Set up projects for success

Ever felt a project is a slow-motion car crash? It’s usually a problem of project definition. Poorly defined projects drift off course, consume more time and resources than planned, and underdeliver.  The most effective way to get and keep teams on track is to create a simple project charter.  Here are the critical elements to such a charter:

1. The charter should be short, simple and standardized.  A good charter fits on one page with 12+ point font.  It can be presentation style or document style.  There should be a template, an example of what good looks like, and a guide that describes who fills out which section and why.

2. The charter should be completed by leaders AND team members. 

a. Leaders should write why the project is important and what their key hypotheses are.  After all, if they are asking people to commit significant amounts of time, they should openly declare their justifications and beliefs.

b. Teams should define timelines, summarize key facts and define project guardrails.  This ensures everyone knows what is already known, what is in scope, and how long the team plan to work. 

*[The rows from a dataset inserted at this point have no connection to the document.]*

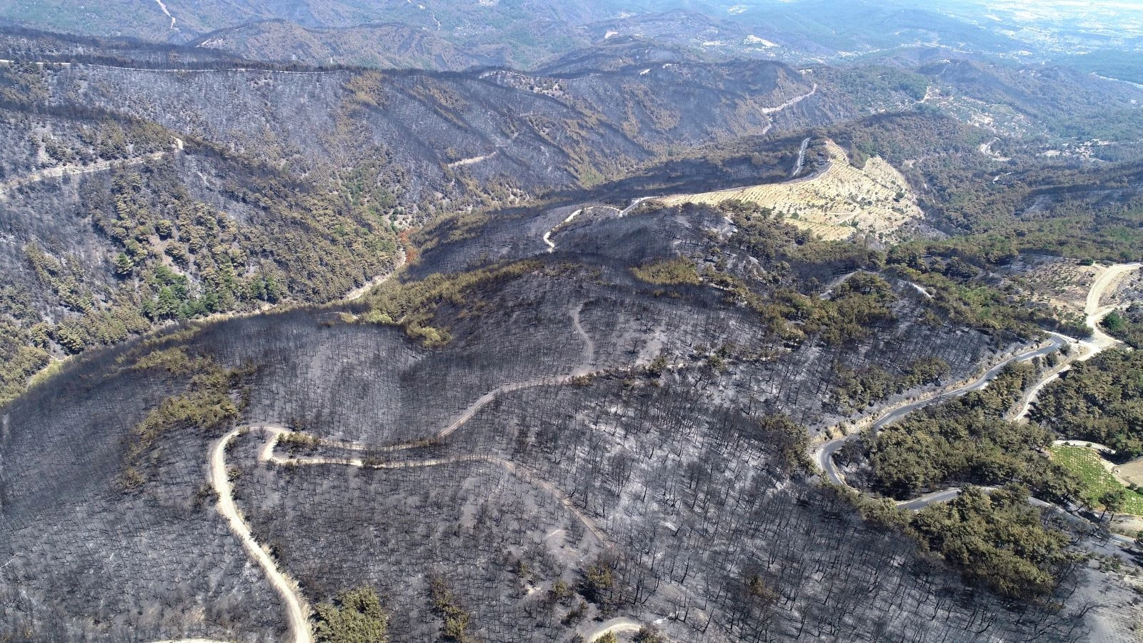 Yaklaşık 700 futbol sahası büyüklüğünde bir alanda etkili olan yangında onlarca yıllık çam ağaçları tamamen yanarken geriye kömürleşmiş bedenleri ve külleriyle kaplı araziler kaldı. Yanan alandaki bazı üzüm bağları da zarar gördü.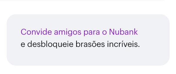 Crie um programa de indicações que recompense os clientes que recomendarem seus produtos ou serviços para outras pessoas. O Nubank faz isso para estimular que seus usuários convidem amigos, recompensando-os com “brasões” que levam a recompensas e oportunidades exclusivas.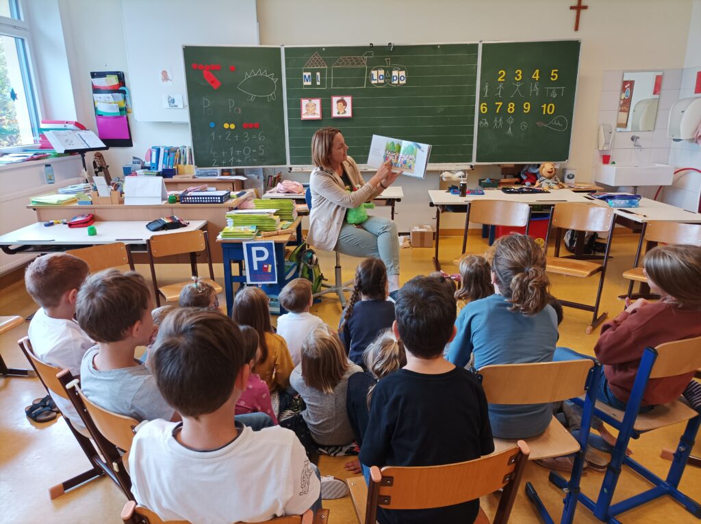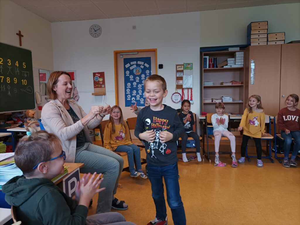 Das kleine WIR besuchte die Kinder der ersten Klassen. Das WIR-Gefühl ist für Kinder und Erwachsene sehr wichtig. Es unterstützt unsere Kinder beim Lösen von Konflikten und zeigt uns, dass wir gemeinsam alles schaffen können.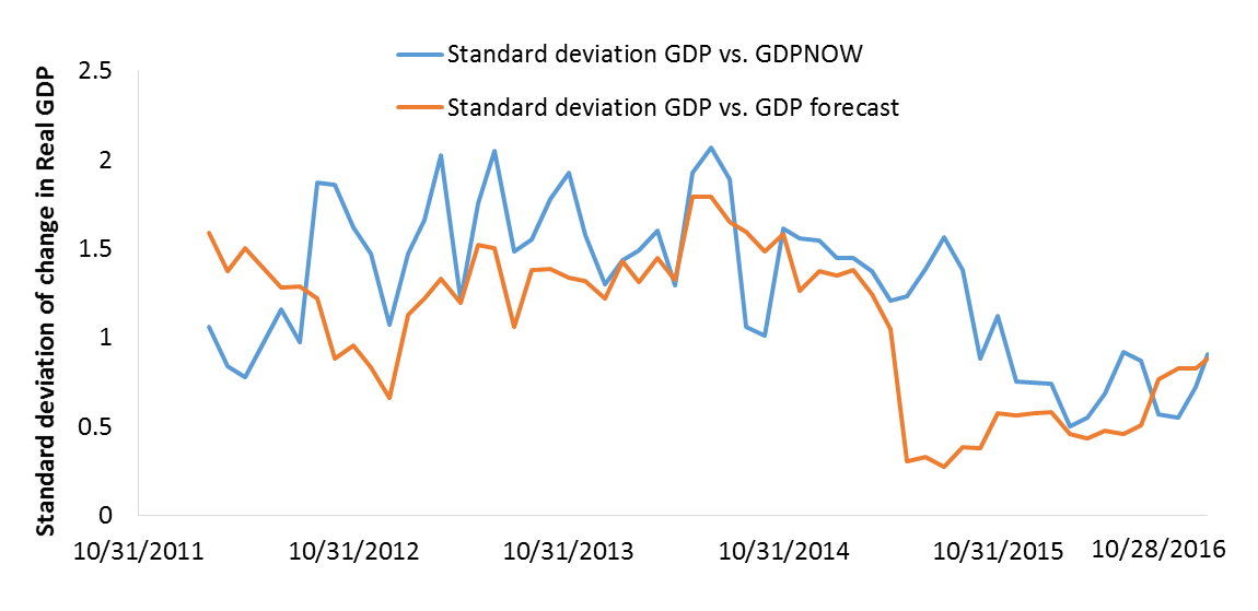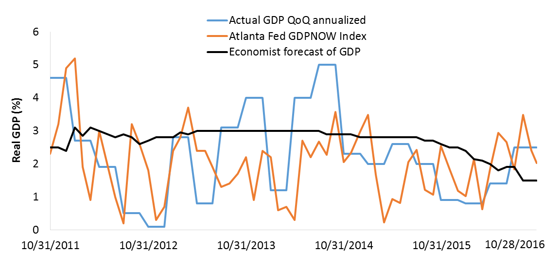 To analyze GDP, an economist would look at the sum of the parts. GDP is an accounting based measure of consumption, investment, government spending and net exports. Recent trends in the GDP components has seen robust consumer spending of 4%, gross private investment by an average of -8%, government spending subdued at -0.3% and net exports at 1.5%. The sum produces an anemic GDP growth of less than 1.5% annualized. Forecasts show consumption is to remain at brisk 4.6% and economists expect fiscal spending to pick up by +1% into 2017. Despite investment is expected to stay modest, it may not be such a drag into 2017.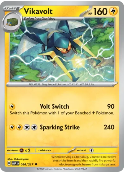 Vikavolt #066 is a Uncommon card from the Ascended Heroes expansion of the Pokémon Trading Card Game. It is part of the Mega Evolution series.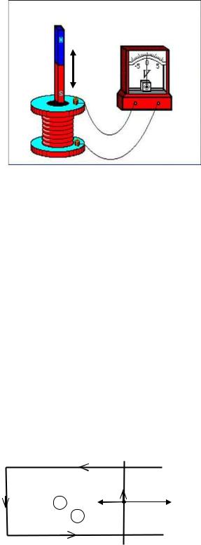 Схема одного из опытов Фарадея показана на рис. 6.1. При движении постоянного магнита внутрь катушки, замкнутой на гальванометр, в ней возникает индукционный ток. При движении в обратном направлении меняется и направление тока. Появление тока указывает на то, что в цепи начинает действовать электродвижущая сила, называемая ЭДС индукции εi .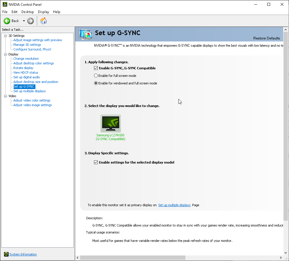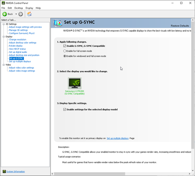 С видеокартами Nvidia этот монитор поддерживает G-Sync в режиме G-Sync Compatible. Диапазон поддерживаемых частот, как указано на сайте Nvidia, равен 48—240 Гц. Для проверки мы использовали видеокарту GeForce GTX 1660 Super. G-Sync работает при подключении по DisplayPort: на панели настройки видеокарты доступна соответствующая опция, в утилите G-Sync Pendulum Demo режим G-Sync включается.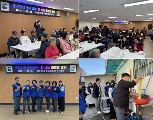 ¹Ù¸£°Ô»ì±â¿îµ¿ ¼±¸ ³²ºÎ¹Î2µ¿ À§¿øÈ¸(À§¿øÀå ±èÁø°©, ¿©¼ºÀ§¿øÀå ±è¹Ì¼º)´Â Áö³ 18ÀÏ °ü³» ¾î¸£½Å 300¿© ¸íÀ» ´ë»óÀ¸·Î Á÷Á¢ ¸¸µç Â¥Àå¸é°ú ¶±, °úÀÏ µîÀ» ´ëÁ¢ÇÏ´Â ¡®¿ì¸®¸¶À» Àå¼öºñ°á! Á¤ ³ª´® Â¥Àå¸é µ¥ÀÌ¡¯ Çà»ç¸¦ °³ÃÖÇÏ¿© Ȱ±âÂ÷°í ¿ÂÁ¤ °¡µæÇÑ ³²ºÎ¹Î2µ¿ ¸¸µé±â¿¡ ±â¿©Çß´Ù.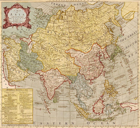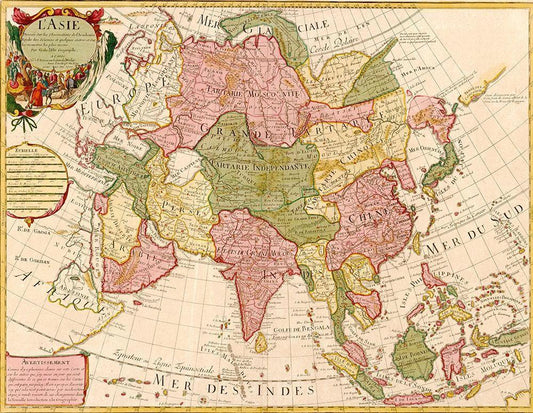 Asia 1700 White Modern Wood Framed Art Print with Double Matting by Vintage Maps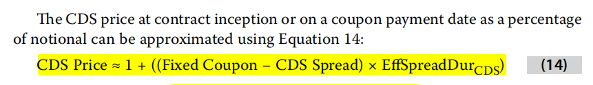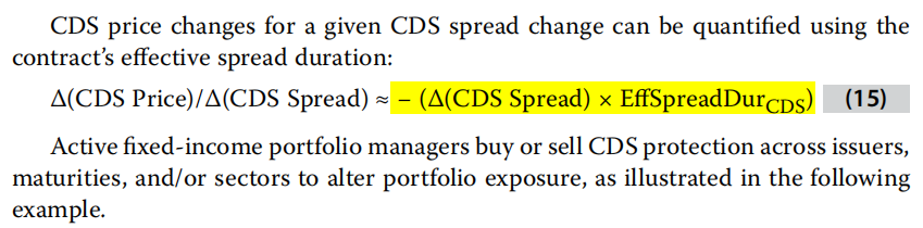 本题中的解法是根据CDS的价格计算公式计算出在CDS spread为1.75%和1.6%时分别的价格,再将两个价格相减计算出盈亏;书中也介绍了直接根据CDS spread变化计算CDS价格变化,此方法计算更为简单。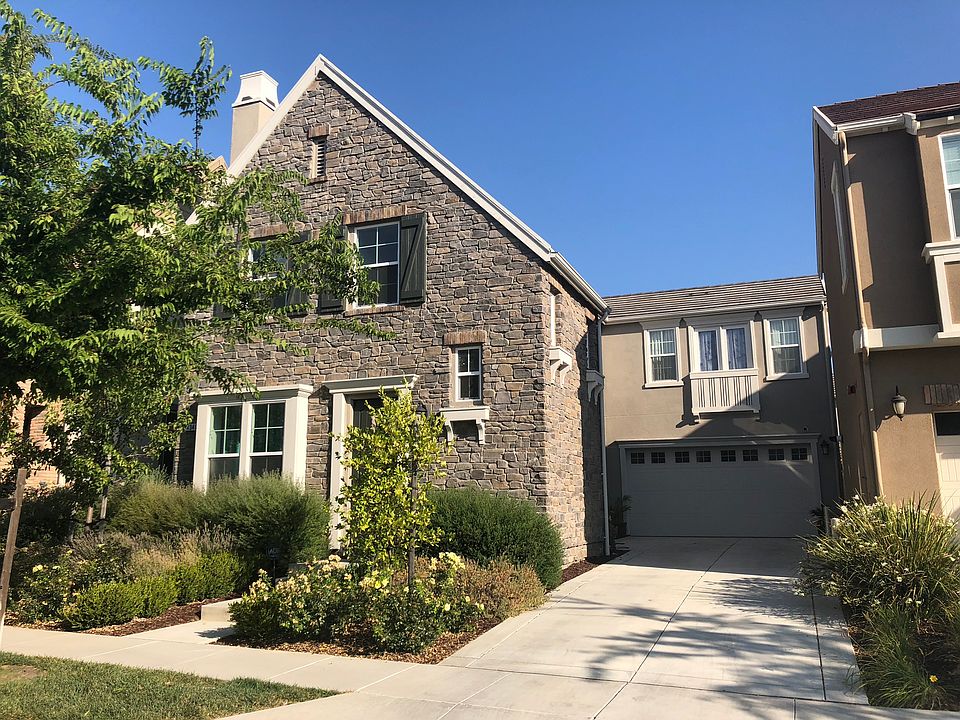 Convenient downstairs bedroom and half bath. Open concept kitchen to family room. The Chef's gourmet kitchen has a pantry, center island with breakfast bar, granite countertops, lots of cabinetry & stainless steel appliances including gas stove with four burners. Spacious, open family room with ceiling fan. Lots of light pours into this great room from all windows. Upstairs is the large master suite is privately located on the other side of the home and has a balcony facade. The spa-like master bathroom is spacious with standing shower, soaking tub, dual vanities and a large walk-in closet with organizers. Two spacious bedrooms with jack/jill bathroom and laundry room. The two car garage has tons of built in cabinetry making storage easy. The low maintenance backyard is landscaped with a large patio, gardening area and lots of room to relax on outdoor furniture.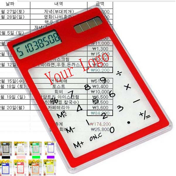 Transparent Pocket Size solar calculator with touch screen made from acrylic material is environmentally friendly and unique! Ultra Slim size and convenient to take it with you everywhere. 3 1/8" W x 4 3/4" L x 1/5" H

3. The charter should address 3 critical questions:

a. What is the problem to solve?  Writing problem statements is a skill, blog coming soon!

b. What does success look like?  Described in terms you can visualize and measure.

c. What are the killer issues? Teams often avoid these if not declared - financial viability is a repeat offender with technical teams!

4. The charter should be mutually agreed in a joint review and approval meeting. It is better to take more time driving to clarity and agreement than to leave items ambiguous.                   

5. Use the charter aggressively to prevent scope creep. Scope creep is a natural consequence of human dynamics as people generate new ideas, tangents and rabbit holes. Sometimes it is in the interests of everyone to change scope, but that should be an active, joint decision by leaders and teams where all scope change implications are fully laid out and understood.